Wrobel did not return two phone messages left for him. The acquaintance, who did not want to be named, said Wrobel acknowledged that he had talked to someone from NSM when he was in the military; however, Wrobel told the acquaintance that he was not involved in the group.
Wrobel wasn’t the only self-described serviceman who corresponded with NSM. A soldier who identified himself as Derek Runge wrote that he’d already been in touch with another NSM official, “Mann Wilson,” who’d told him that there was no NSM contact person for North Carolina. Runge said he was interested in joining the group and filling the North Carolina vacancy. “My only downfall is that I am in the military and will be deploying Mid-November but can take the reins prior to leaving and then hit it full force once I get back,” Runge wrote on Sept. 26, 2008. “I just need to know what all I will be required to do.” In the E-mail, Runge, believed to be 24, used the Nazi greeting “Seig [sic] Heil” and signed off “Heil Hitler.” (As it happens, Greensboro, N.C., is where the NSM held a regional meeting last weekend that drew dozens of counter-demonstrators.)
Runge entered the Army in June 2005, according to military records. Now a first lieutenant, he is listed as still on active duty and is stationed at Fort Bragg. He has received seven awards, including the Army Achievement Medal for meritorious service, the Iraq Campaign Medal and the Combat Action Badge. In what appears to be Runge’s Facebook profile — it lists the same yahoo E-mail address used to write to NSM — he states that he’s with Company A, 2nd Battalion, 505th Parachute Infantry Regiment. According to the profile, since May 2008, he has been a fire support officer “responsible for directing artillery fire and close air support into enemy positions…but mainly working as the company’s intel officer.”

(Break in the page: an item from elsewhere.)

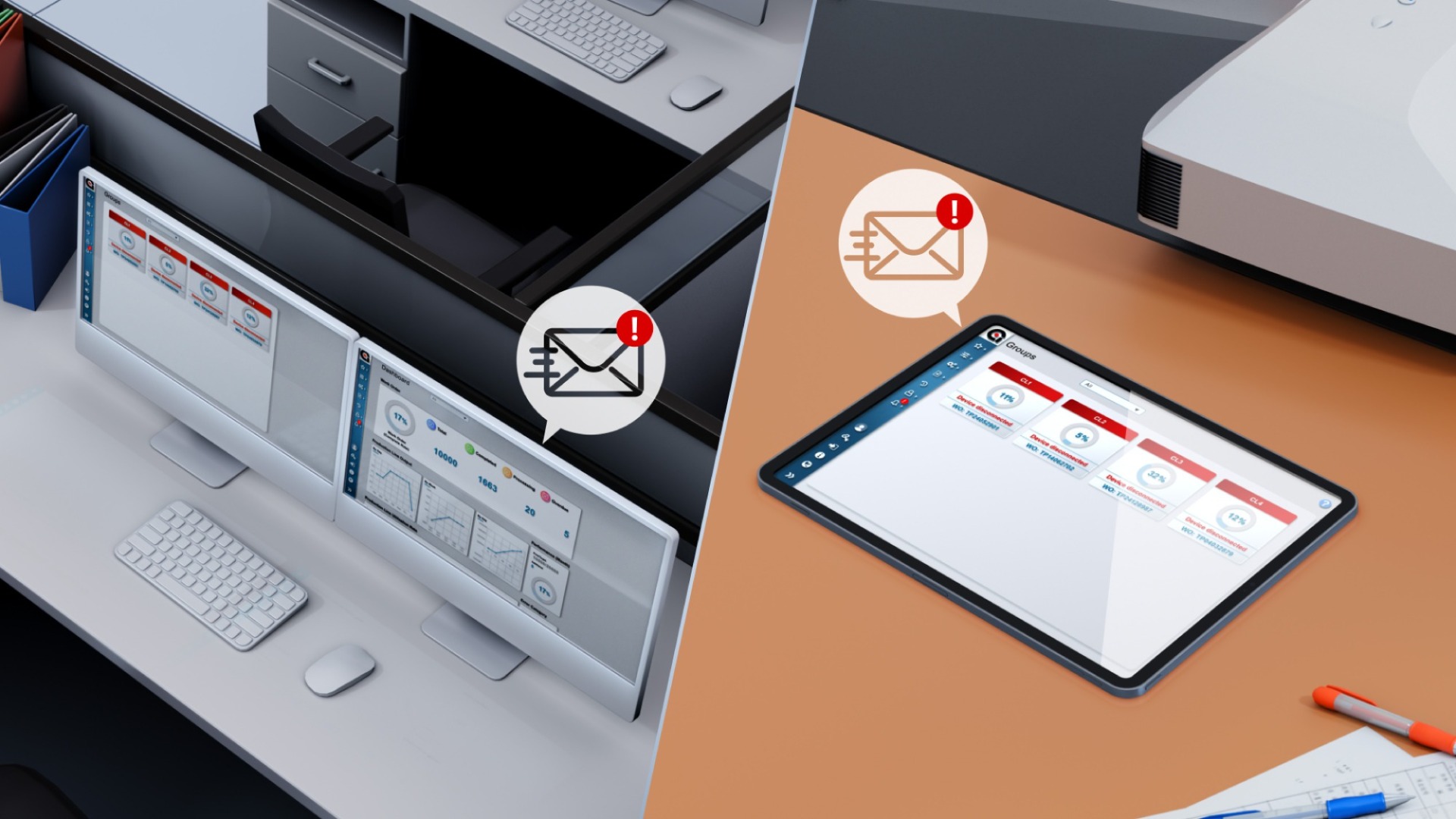 Automaticky odesílá e‑mailová upozornění při chybách, výpadcích, zablokování tiskové úlohy nebo při nízké hladině inkoustu či toneru. Díky tomu zareagujete ve správný okamžik.

It’s unclear whether Runge actually joined NSM or had additional contact with the group. He did not respond to an E-mail sent to him directly and through Facebook. A cell phone number listed in his Facebook profile and in public records was no longer in service. NSM officials did not respond to a message left on their hotline.
In recent months, the SPLC has uncovered dozens of personal profiles listing “military” as the poster’s occupation on the social networking site NewSaxon.org, which is run by NSM. (The profiles generally use aliases, but they often contain identifying details.) In addition to the SPLC’s investigation, a 2008 FBI report asserted that the bureau had found more than 200 military personnel or veterans who were suspected of being active members in white supremacist organizations between October 2001 and May 2008. Although that figure represents a tiny portion of the U.S. veteran and active-duty populations, the report noted that “[t]he prestige which the extremist movement bestows upon members with military experience grants them the potential for influence beyond their numbers. Most extremist groups have some members with military experience, and those with military experience often hold positions of authority within the groups to which they belong.”

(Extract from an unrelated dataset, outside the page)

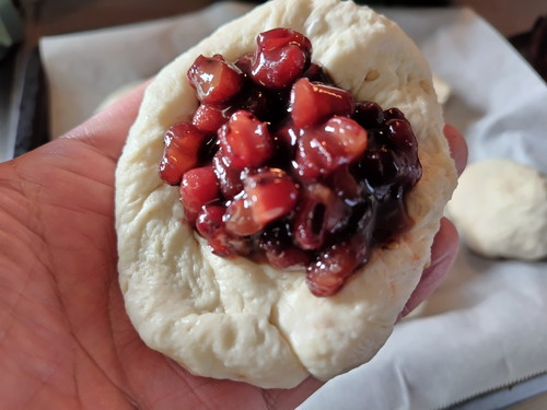 せっせと小豆を包み込んで(←生地に見える粒々は、ゴマです)

For its part, NSM asks on its membership application whether potential members served in the military and whether they possess military training. In an E-mail forwarding an SPLC Intelligence Report article from late last year to supporters, NSM Commander Jeff Schoep called the story “a rehash of the FBI probe into our Comrades in the Military.” But he didn’t dispute its basic conclusion, adding, “There is [sic] many more in the U.S. Military than they know.”